Collected data:
◆ ◆ ◆ ◆ ◆

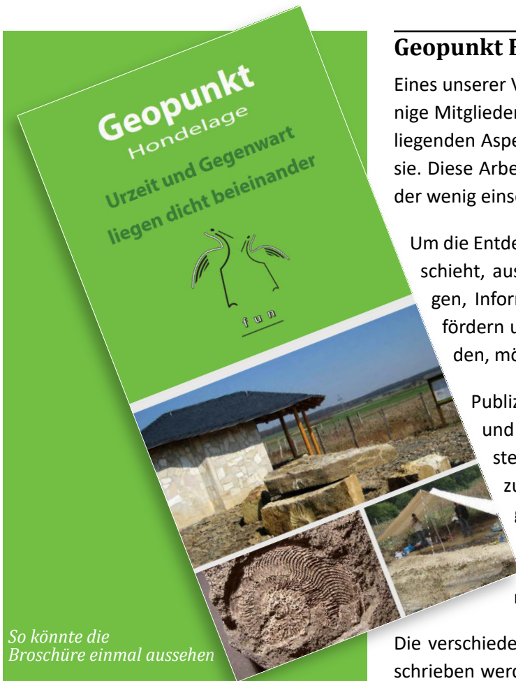
So könnte die Broschüre einmal aussehen
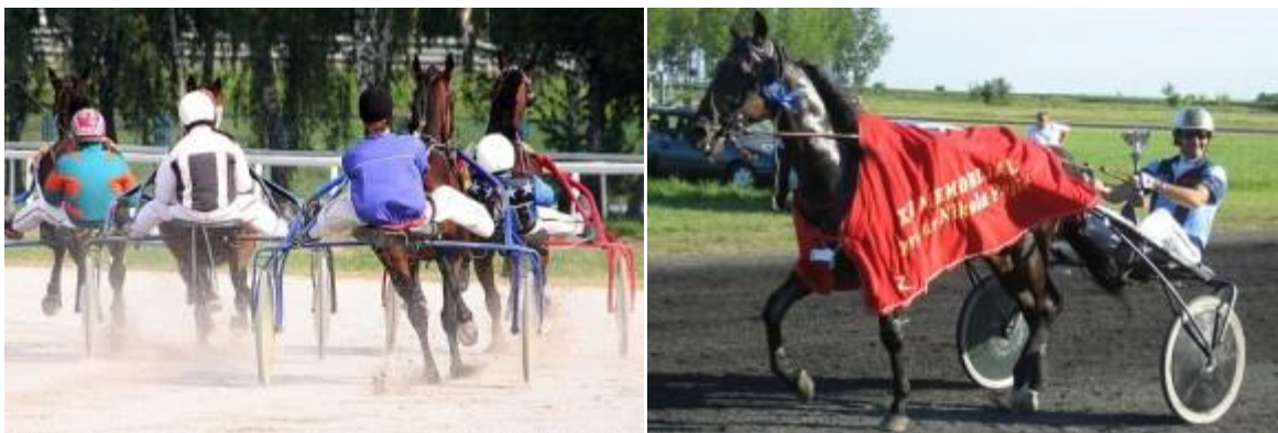
Slika 10. i 11. Sulke ( http://cavalier-noir.org/category/sport/kasacke-utrke-sport/ )

Opremu za kasačke trke sačinjavaju sulke i bagi, zaprežni pribor i zaštitna oprema za konje. Sulke (engl. Sulky) su veoma laka kolica na dva gumena kotača. Tipova sulki ima veoma mnogo. Na američkim sulkama tipa Houghton, osovine kotača pričvršćene su na dvokrake viljuške koje se jednim krakom nastavljaju na nosač rukunica, a drugim pričvršćuju na same rukunice. Rukunice su od drva i duge oko dva metra. Svojim nešto produženim zadnjim dijelom pričvršćene su za nosač rukunica. Sjedište vozača je pričvršćeno za gibanj, postavljen na produženom dijelu rukunica ili je pričvršćeno za jednu prečku bez gibanja. Otprilike jedan metar od svog zadnjeg kraja, rukunice su spojene prečkom, na kojoj je s gornje strane blatobran s donje strane su metalni oslonci za noge vozača. Na sredini i na prednjem dijelu rukunica, sa svake strane su po tri kožne alke preko kojih se sulke spajaju sa hamom.
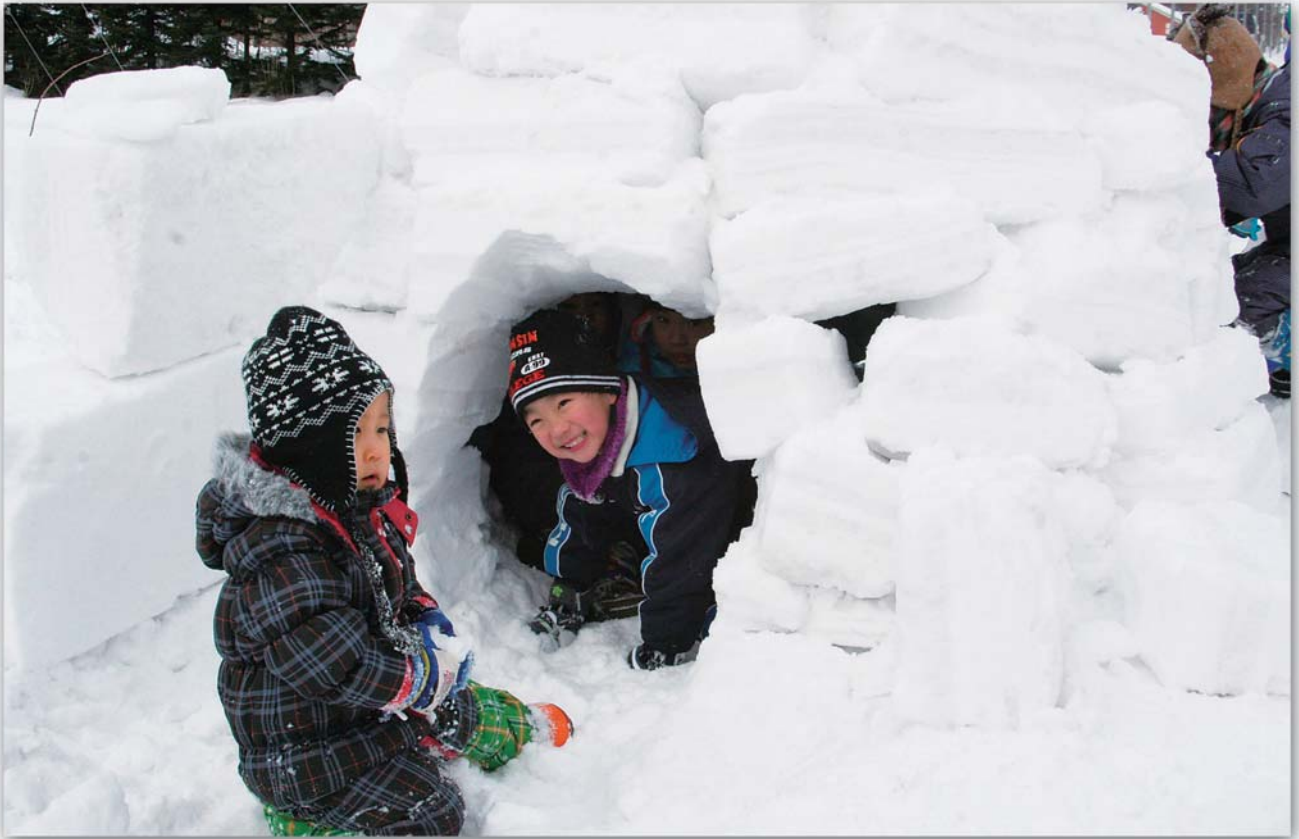
▲みんなで作ったイグルー 2月2日(日)チャレンジ教室 「雪と遊ぼう」

◆ ◆ ◆ ◆ ◆

Task statement:
Only the pictures are to be left out; the rest of the material above should be printed verbatim.

Expected answer:
So könnte die Broschüre einmal aussehen
Slika 10. i 11. Sulke ( http://cavalier-noir.org/category/sport/kasacke-utrke-sport/ )

Opremu za kasačke trke sačinjavaju sulke i bagi, zaprežni pribor i zaštitna oprema za konje. Sulke (engl. Sulky) su veoma laka kolica na dva gumena kotača. Tipova sulki ima veoma mnogo. Na američkim sulkama tipa Houghton, osovine kotača pričvršćene su na dvokrake viljuške koje se jednim krakom nastavljaju na nosač rukunica, a drugim pričvršćuju na same rukunice. Rukunice su od drva i duge oko dva metra. Svojim nešto produženim zadnjim dijelom pričvršćene su za nosač rukunica. Sjedište vozača je pričvršćeno za gibanj, postavljen na produženom dijelu rukunica ili je pričvršćeno za jednu prečku bez gibanja. Otprilike jedan metar od svog zadnjeg kraja, rukunice su spojene prečkom, na kojoj je s gornje strane blatobran s donje strane su metalni oslonci za noge vozača. Na sredini i na prednjem dijelu rukunica, sa svake strane su po tri kožne alke preko kojih se sulke spajaju sa hamom.
▲みんなで作ったイグルー 2月2日(日)チャレンジ教室 「雪と遊ぼう」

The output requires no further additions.